“I would have them pass before me one by one, as I lie propped up on pillows on my death-bed, and I shall expect each one first to bend down and kiss my hand. Then a clerk will call out his name in a loud voice, and the amount of the debt, and another clerk shall weigh out to him the amount in gold.... I intend it to be a kind of triumphal lying in state. But we can discuss the exact details later. I feel a little tired. The shadows are already weighing down my eyelids....” and the poet laughed again his sad sinister laugh; though, indeed, it was true enough, as the lawyer, looking at him, could not fail to note.
“Good-night, old friend,” said the poet; “come and see me again tomorrow;” and, when the lawyer had gone, he once more stretched himself out in the bed, luxuriously murmuring the lines he had murmured nightly for so many years:
“If rest be sweet at close of day
For tired hands and tired feet,
How good at last to rest for aye—
If rest be sweet.”
The lying in state, as the poet grimly called it, was conducted exactly as he had conceived it. At first the lawyer had protested that to expect your honest English tradesman to bow the knee and kiss the hand of one of his debtors was out of the question.
“Take my word, friend,” said the poet, “when a tradesman is going to be paid a debt he had given up for lost, he will not be particular as to the manner in which he receives it. Indeed, he will be so thankful for it that it will be a natural impulse to fall upon his knees.... And if they demur,” he added, laughing his half-boyish, half-wicked, and quite creepy laugh, “tell them that it is the fancy of a dying man.”

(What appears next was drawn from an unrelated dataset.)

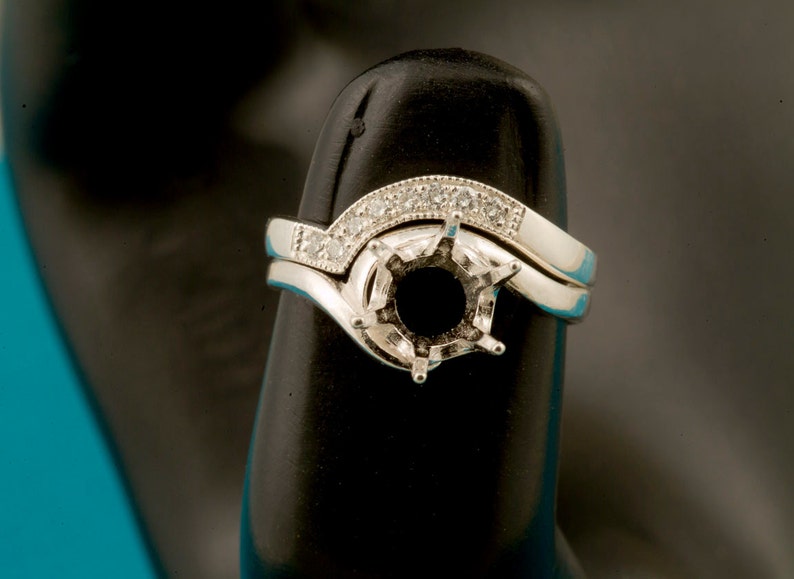 -We designed this band to fit a round stone or our Rose Petal Cut Color Engagement stone. Pictures # 3 & 5 illustrate with the crescent engagement setting.

When the noon of Wednesday came, the poet lay in his great bed awaiting his creditors. There had only been a week since his talk with his lawyer, but even that good-natured sceptic had come to admit the truth of his client’s prediction. No one could look on that weary form stretched so straight and slim under the clothes, or upon that worn ivory face, so worn and yet so strangely smiling, without reading the unmistakable signs.
“Do you believe it now?” said the poet to his lawyer. “It is only a jest—you must not take it too seriously. It is only death. Don’t be unhappy, old friend. I wish I could make you know how good it feels—to be dying.”

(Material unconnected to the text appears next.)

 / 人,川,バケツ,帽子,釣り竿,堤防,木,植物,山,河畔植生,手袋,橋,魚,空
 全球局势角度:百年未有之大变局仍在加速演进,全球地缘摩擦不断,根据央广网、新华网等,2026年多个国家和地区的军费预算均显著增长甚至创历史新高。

Then a little soft-voiced clock chimed twelve times.
“Now for the fun....” said the poet, looking up to his friend, with his eyes filled with laughter.
It had been his whim to have his room draped in purple, and over his bed hung a great wreath of laurel still in flower. At one side of the large room was a table also covered in purple, on which were arranged twelve great pyramids of gold pieces, and on two other tables close by were two large bags of orange-coloured leather overflowing with silver.